Earlier we got report (bug #1066615), that we should not call sshd-keygen as ExecStartPre, which should have been probably reflected in anaconda unit earlier (is the discussed unit this one [2]?). Can anaconda-sshd start also after sshd-keygen.target as normal sshd does it now [3]?

[1] https://lists.fedoraproject.org/archives/list/devel@lists.fedoraproject.org/thread/RAVATCRUEWV7FX56Z2BV32RWPTT2YGAO/#2AHH4AFYYDWPE6SUG3ZCQJKNAXNUWDT7
[2] https://github.com/rhinstaller/anaconda/blob/master/data/systemd/anaconda-sshd.service
[3] http://pkgs.fedoraproject.org/cgit/rpms/openssh.git/tree/sshd.service#n5
Comment 1 Jan Kurik 2016-07-26 04:04:49 UTC 
This bug appears to have been reported against 'rawhide' during the Fedora 25 development cycle.
Changing version to '25'.
Comment 2 Jakub Jelen 2016-07-26 07:27:33 UTC 
FYI, I am removing the sshd-keygen from Rawhide and F25 today.
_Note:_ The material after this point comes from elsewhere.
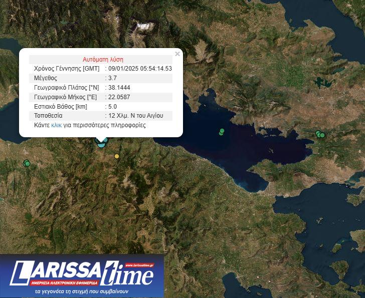 Σεισμός μεγέθους 3,7 Ρίχτερ σημειώθηκε λίγο πριν τις 8, με το επίκεντρο να εντοπίζεται 12χλμ. νότια του Αιγίου.

It would be great to have the change [1] (recently merged upstream), also in Fedora 25 soon to prevent failures.

[1] https://github.com/rhinstaller/anaconda/pull/701
Comment 3 Radek Vykydal 2016-09-22 09:19:24 UTC 
https://github.com/rhinstaller/lorax/issues/153
runtime-cleanup.tmpl removes sshd-keygen, breaks sshd
Comment 4 Radek Vykydal 2016-09-22 12:01:19 UTC 
(In reply to Radek Vykydal from comment #3)
> https://github.com/rhinstaller/lorax/issues/153
> runtime-cleanup.tmpl removes sshd-keygen, breaks sshd

Filed bug 1378378.
Comment 5 Fedora End Of Life 2017-12-12 10:47:52 UTC 
Fedora 25 changed to end-of-life (EOL) status on 2017-12-12. Fedora 25 is
no longer maintained, which means that it will not receive any further
security or bug fix updates. As a result we are closing this bug.

If you can reproduce this bug against a currently maintained version of
Fedora please feel free to reopen this bug against that version. If you
are unable to reopen this bug, please file a new report against the
current release. If you experience problems, please add a comment to this
bug.

Thank you for reporting this bug and we are sorry it could not be fixed.